Edward (James Mc Ardle) vit dans une banlieue pavillonnaire de Dublin, seul avec Alma ( Fionnula Flanagan) sa maman, veuve et en perte d’autonomie. Depuis son AVC, elle n’a plus l’usage de la parole, communique à l’aide d’un Ipad qui fait entendre une voix synthétique de GPS et…des ordres. La volonté de la vieille dame s’exprime aussi par un regard éloquent, à l’impératif catégorique. Edward est gay, célibataire, et au bord de la crise de nerf, comme ses copains homos, en charge comme lui de leurs mères octo ou nonagénaires. Entre toilette, préparation des repas et du pilulier, visite au cimetière d’un père qui on le devine n’a pas toujours été tendre, Edward doit faire la promotion de son roman – une histoire d’amours homosexuelles, qui vient de sortir aux USA. On lui propose une attractive tournée là-bas. Mais il devra placer sa mère dans une maison de retraite pendant 15 jours. Le voilà dans les affres de la culpabilité, incapable de dire ni oui ni non- ni d’en parler à la principale intéressée. Tandis qu’il tergiverse, ses potes moins indécis que lui, profitant lâchement de sa faiblesse et de sa gentillesse, maladives, lui laissent leurs mères à l’improviste et partent en Espagne s’éclater à la Maspalomas Pride. Edward a quadruplé son problème, appelle à l’aide un ex-amant et c’est très drôle.
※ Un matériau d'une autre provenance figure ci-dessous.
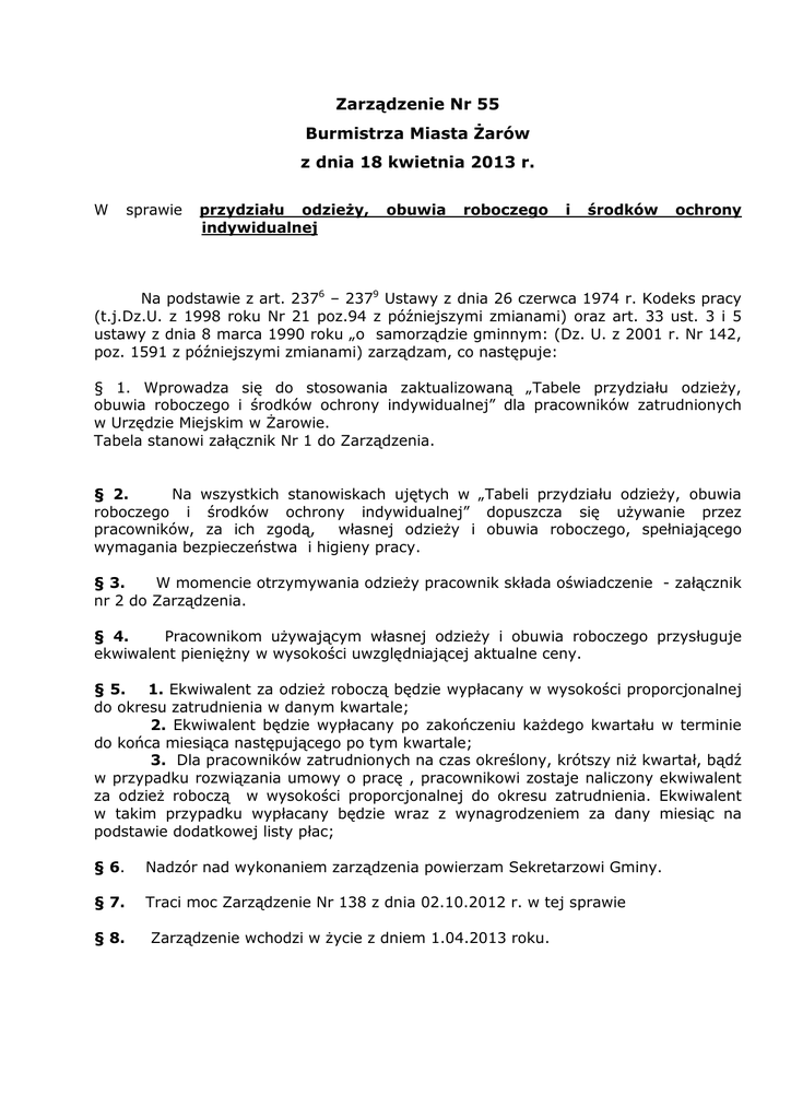 Zarządzenie Nr 55 Burmistrza Miasta Żarów z dnia 18 kwietnia 2013 r. W sprawie przydziału odzieży, indywidualnej obuwia roboczego i środków ochrony Na podstawie z art. 2376 – 2379 Ustawy z dnia 26 czerwca 1974 r. Kodeks pracy (t.j.Dz.U. z 1998 roku Nr 21 poz.94 z późniejszymi zmianami) oraz art. 33 ust. 3 i 5 ustawy z dnia 8 marca 1990 roku „o samorządzie gminnym: (Dz. U. z 2001 r. Nr 142, poz. 1591 z późniejszymi zmianami) zarządzam, co następuje: § 1. Wprowadza się do stosowania zaktualizowaną „Tabele przydziału odzieży, obuwia roboczego i środków ochrony indywidualnej” dla pracowników zatrudnionych w Urzędzie Miejskim w Żarowie. Tabela stanowi załącznik Nr 1 do Zarządzenia. § 2. Na wszystkich stanowiskach ujętych w „Tabeli przydziału odzieży, obuwia roboczego i środków ochrony indywidualnej” dopuszcza się używanie przez pracowników, za ich zgodą, własnej odzieży i obuwia roboczego, spełniającego wymagania bezpieczeństwa i higieny pracy. § 3. W momencie otrzymywania odzieży pracownik składa oświadczenie - załącznik nr 2 do Zarządzenia. § 4. Pracownikom używającym własnej odzieży i obuwia roboczego przysługuje ekwiwalent pieniężny w wysokości uwzględniającej aktualne ceny. § 5. 1. Ekwiwalent za odzież roboczą będzie wypłacany w wysokości proporcjonalnej do okresu zatrudnienia w danym kwartale; 2. Ekwiwalent będzie wypłacany po zakończeniu każdego kwartału w terminie do końca miesiąca następującego po tym kwartale; 3. Dla pracowników zatrudnionych na czas określony, krótszy niż kwartał, bądź w przypadku rozwiązania umowy o pracę , pracownikowi zostaje naliczony ekwiwalent za odzież roboczą w wysokości proporcjonalnej do okresu zatrudnienia. Ekwiwalent w takim przypadku wypłacany będzie wraz z wynagrodzeniem za dany miesiąc na podstawie dodatkowej listy płac; § 6. Nadzór nad wykonaniem zarządzenia powierzam Sekretarzowi Gminy. § 7. Traci moc Zarządzenie Nr 138 z dnia 02.10.2012 r. w tej sprawie § 8. Zarządzenie wchodzi w życie z dniem 1.04.2013 roku. Załącznik Nr 1 do zarządzenia Nr 55 TABELA norm przydziału środków ochrony indywidualnej oraz odzieży i obuwia roboczego dla pracowników urzędu Miejskiego w Żarowie 1 Stanowisko pracy Robotnik gospodarczy/meliorant Rodzaj wyposażenia Odzież i obuwie robocze 2 Sprzątaczka Ochrony indywidualne Odzież i obuwie robocze 2 konserwator Ochrony indywidualne Odzież i obuwie robocze lp 3 4 archiwista goniec Ochrony indywidualne Ochrony indywidualne Odzież i obuwie robocze asortyment Ubranie drelichowe Czapka Trzewiki ocieplacz Obuwie gumowe lub buty rybackie Rękawice robocze Kurtka p. deszczowa (dyżurna) Fartuch Trzewiki profilaktyczne Rękawice ochronne lateksowe Czapka Ubranie lub fartuch drelichowy Trzewiki skórzano/gumowe Rękawice robocze fartuch Rękawice gumowe Maseczka ochronna Rękawiczki gumowe Trzewiki Czapka Botki zimowe Kurtka ocieplana Okres używalności 18 miesięcy 24 miesiące 24 miesiące 3 okresy zimowe Do zużycia Do zużycia Do zużycia 24 m-cy 12 miesięcy Do zużycia 24 m-ce 12 m-cy 24 m-ce Do zużycia Do zużycia Do zużycia Do zużycia Do zużycia 24 m-ce 4 okresy zimowe 4 okresy zimowe 4 okresy zimowe Ubranie lub fartuch drelichowy 36 miesiący Kamizelka ocieplana 4 okresy zimowe Buty ocieplane 4 okresy zimowe Pracownik administracji wychodzący w teren 1) 5 2) 3) 4) 5) 6) stanowisko ds. remontów i inwestycji stanowisko ds. dróg stanowisko ds. przeglądów technicznych i remontów stanowisko ds. wspólnot Kierownik referatu Inwestycji i Dróg ST.ds.gospodarki komunalnej 7) Odzież i obuwie robocze Stanowisko ds.remontów i dróg

Comique de situation avec décalages et dérapages parfaitement contrôlés et rythmés. Comique de caractère soutenu par l’interprétation impeccable des acteurs.
Inspiré d’un film de Gianni Di Gregorio Le Déjeuner du 15 août, le scénario co-écrit par le réalisateur et son frère Colin, se nourrit de leur expérience avec leur propre mère dont ils ont dû s’occuper à la fin de sa vie. Comme toute comédie réussie, Mamie-Sitting extrait le rire de la tragédie, ancre les personnages dans une société et un temps donnés tout en les rendant universels. Portraits de mères aux personnalités différentes, dont on devine par touches discrètes, le parcours de femmes, les questions face à l’homosexualité de leur fils dans cette très catholique Irlande, la solitude, la peur ou la révolte face à la dépendance. Tyranniques, vulnérables, un peu foldingues ou revêches, parfois indignes, jamais caricaturées.
Il se dégage de ce film une infinie tendresse et une confiance en la vie qui font du bien.
ELISE PADOVANI
Prix du Public au BFI London Film Festival 2024 et Silver Q-Hugo au 60ème Festival International du Film de Chicago.